In a rare interview, one of the most fascinating characters in the GAA gives an insight into what makes him tick.

WHEN THE DUBLIN footballers collected their clean sweep of O’Byrne Cup, Allianz League, Leinster and All-Ireland SFC medals at their presentation night last December, Diarmuid Connolly left them all in the capable hands of his mother.

She proudly displays all his medals in the family home, hooking them onto a big frame for all to see. It must be weighed down with all the brass. In his ten years playing inter-county football, Connolly has become one of the most successful Dublin footballers of all-time.

Diarmuid Connolly Source: Gary Carr/INPHO

Since making his debut for the Sky Blues in 2007, he’s annexed nine Leinsters, four Division 1 leagues, three All-Irelands.

With his club St. Vincent’s, who he’ll captain this year, Connolly has won three Dublin county titles, three Leinsters and two All-Irelands.

One of the classiest and most gifted, both physically and technically, players to ever wear the Dublin jersey, it’s a little curious that Connolly only has the one Allstar. You’d be hard-pressed to name a player who has won more national titles than Connolly in the last decade. You won’t find a more talented one.

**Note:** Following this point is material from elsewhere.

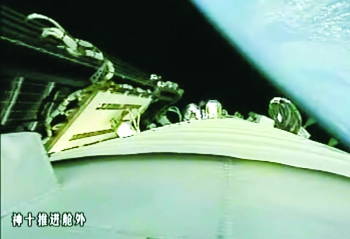 神舟十號(hào)飛船發(fā)射升空后,推進(jìn)艙外的視頻截圖。新華社發(fā)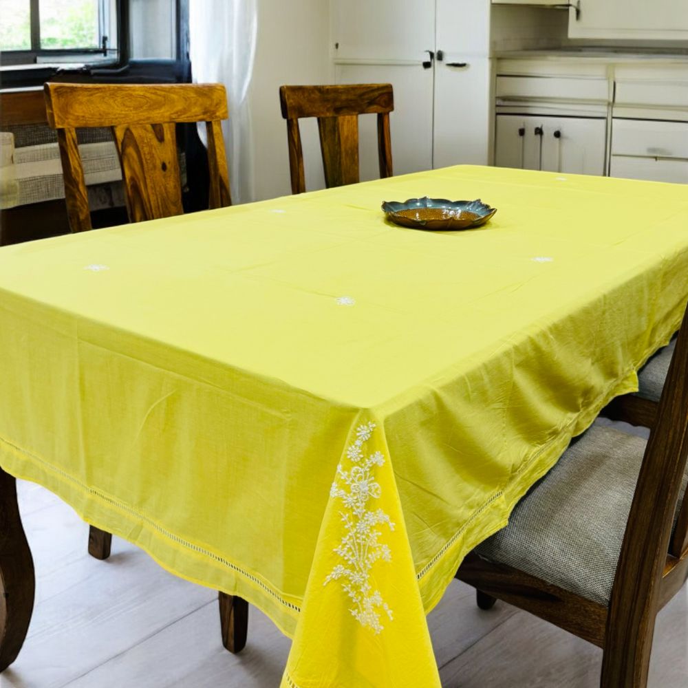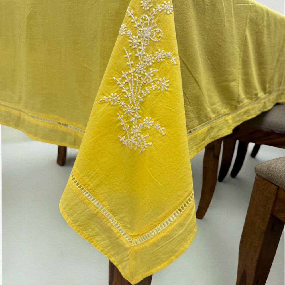 Brighten up your dining space with this stunning 100% handloom table runner, made from 100% pure cotton in a vibrant mustard yellow hue. Featuring elegant Chikankari embroidery, a traditional hand-embroidery art from Uttar Pradesh, India, this runner is adorned with delicate floral motifs in a soft ivory tone.

But Connolly has an edge to his personality that sets him apart from, say, fellow half-forward Paul Flynn. One year his senior, Flynn has been named on the Allstar team four times. Then again, it’s his dark side that makes Connolly such a fascinating character.

Opponents know he has a short fuse and he’s targeted on the field of play more than any other player. In this year’s Leinster semi-final, Connolly was the victim of an intentional kick to the head by Meath’s Graham Reilly.

And then there was Sunday’s Leinster final. Minutes before his flare-up with James Dolan, Connolly could be seen appealing to the linesman for protection after some off-the-ball niceties. Once he retaliated to James Dolan’s playful tap to the head by taking the Westmeath defender to the ground, Connolly was set upon by three of Dolan’s teammates.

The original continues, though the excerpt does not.